» Information given

━━━━━━━━━━

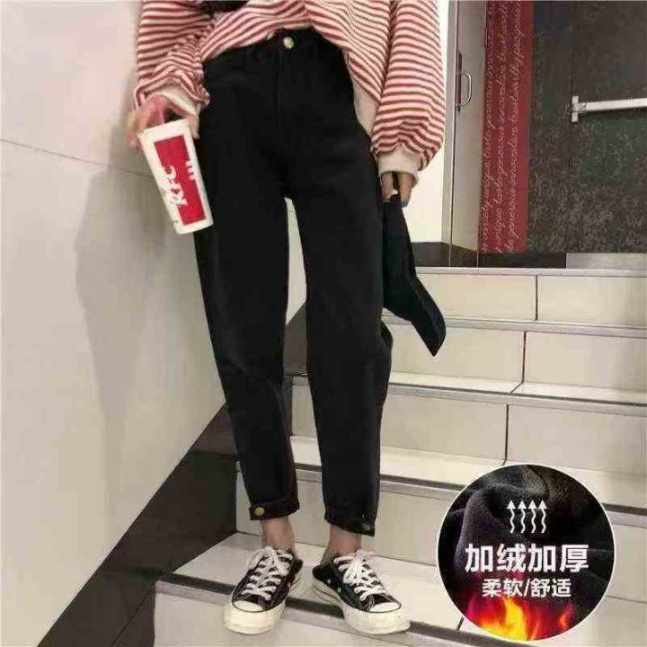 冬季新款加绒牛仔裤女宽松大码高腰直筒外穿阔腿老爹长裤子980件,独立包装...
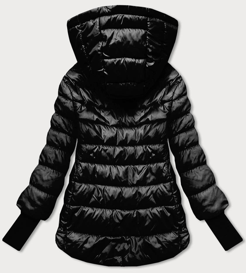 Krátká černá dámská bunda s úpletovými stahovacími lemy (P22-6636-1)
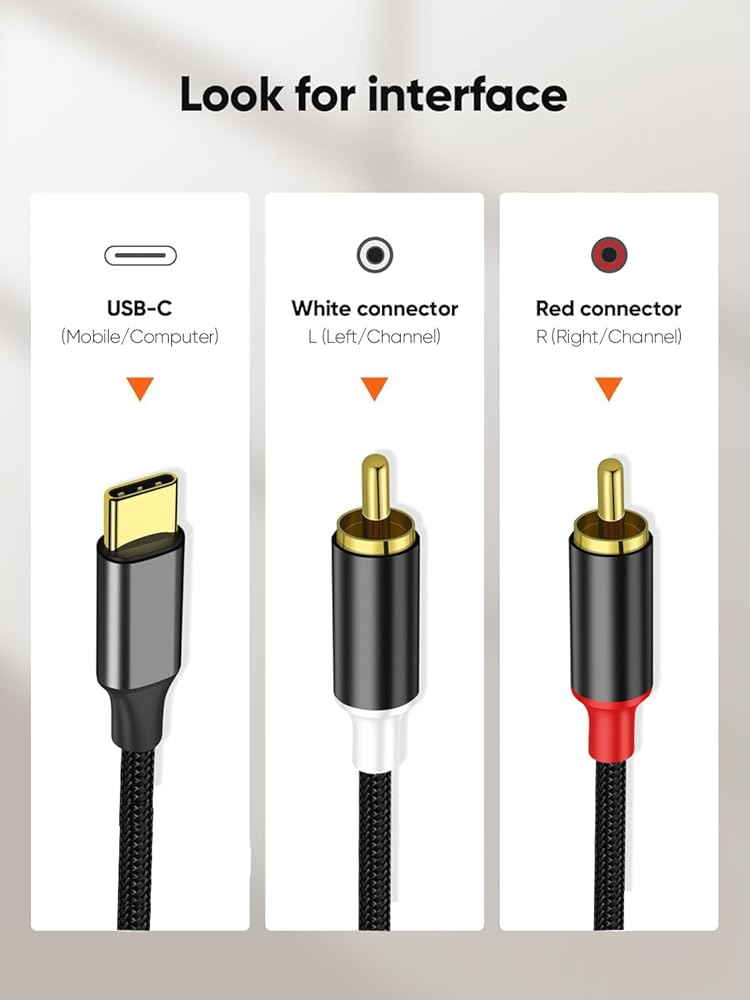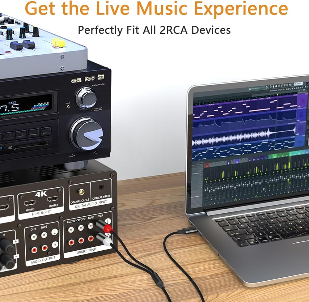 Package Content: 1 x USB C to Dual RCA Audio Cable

━━━━━━━━━━

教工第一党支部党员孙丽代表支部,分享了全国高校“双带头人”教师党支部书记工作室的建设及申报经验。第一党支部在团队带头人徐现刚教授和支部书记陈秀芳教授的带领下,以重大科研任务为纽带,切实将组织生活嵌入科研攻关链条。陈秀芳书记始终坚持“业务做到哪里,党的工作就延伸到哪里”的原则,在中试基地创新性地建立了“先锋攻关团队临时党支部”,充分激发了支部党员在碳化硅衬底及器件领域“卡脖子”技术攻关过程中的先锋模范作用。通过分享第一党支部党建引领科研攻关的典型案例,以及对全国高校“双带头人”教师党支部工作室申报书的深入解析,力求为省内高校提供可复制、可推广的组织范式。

━━━━━━━━━━

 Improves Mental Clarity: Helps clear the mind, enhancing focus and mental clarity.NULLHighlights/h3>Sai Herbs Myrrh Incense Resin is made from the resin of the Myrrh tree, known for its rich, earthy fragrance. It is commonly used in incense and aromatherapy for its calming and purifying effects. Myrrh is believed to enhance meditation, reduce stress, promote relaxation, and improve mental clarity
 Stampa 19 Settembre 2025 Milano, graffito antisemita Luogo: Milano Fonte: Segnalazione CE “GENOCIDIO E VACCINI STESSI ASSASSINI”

━━━━━━━━━━

» To do
Restate word for word the lines in the material above from the one with "Improves Mental Clarity: Helps" to the one with "Stampa 19 Settembre"; both of those lines count, and nothing else does.

» Written solution
 Improves Mental Clarity: Helps clear the mind, enhancing focus and mental clarity.NULLHighlights/h3>Sai Herbs Myrrh Incense Resin is made from the resin of the Myrrh tree, known for its rich, earthy fragrance. It is commonly used in incense and aromatherapy for its calming and purifying effects. Myrrh is believed to enhance meditation, reduce stress, promote relaxation, and improve mental clarity
 Stampa 19 Settembre 2025 Milano, graffito antisemita Luogo: Milano Fonte: Segnalazione CE “GENOCIDIO E VACCINI STESSI ASSASSINI”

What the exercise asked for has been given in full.